I got the idea that having a list of projects we intended to accomplish to finish the house would be useful for when someone says they want to help and is there anything we need.  My thought was to break the projects into smaller projects so that we would have some ready projects to give when asked.

Then I found a copy of the book Share The Care: How to Organize a Group to Care for Someone Who Is Seriously Ill (Capossela & Warnock). It is written by two women who came together with a small group of other friends and family to manage the caregiving for a woman whose cancer was getting worse.

I've started to think about those of us with MS who tend to heavily rely on our spouse or a close friend for solace and support, and how quickly burnt out those people can become.  I think it is very common for a caregiver to get overwhelmed.

Granted, MS is not life threatening and there are certainly often times when an MSer can manage whatever without help.  There aren't necessarily frequent visits to the doctor for which they need a ride, for example. And we Msers are reluctant to ask for help and often resist it.
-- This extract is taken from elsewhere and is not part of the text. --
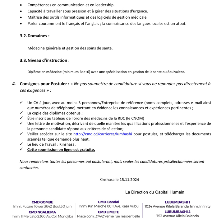 Consignes pour Postuler : « Ne pas soumettre de candidature si vous ne répondez pas directement à ces exigences » :

But so too "healthy" individuals fear offering help to a person with MS, fear that they will be asked to do something they don't know how to do, fear that others will see their fear of illness or that they'll be taken advantage of or that they'll come to be relied upon and thus locked into a commitment.  Still people do want to help, so how practical it would be to create a "team" to share in it.

And the system of forming a team of caregivers laid out in this book starts with a group meeting to create a structure for it and get everyone on the same path.  As the manual says "it gives you something to fall back on when things get difficult, a ground of being that keeps the group going, keeps the individual members from burning out, and keeps the group together."

I've heard several accounts of people that got together to fundraise and walk in the MS Walk just after someone they knew got diagnosed, for example.  Obviously these are folks who want to help and might be interested in joining this team.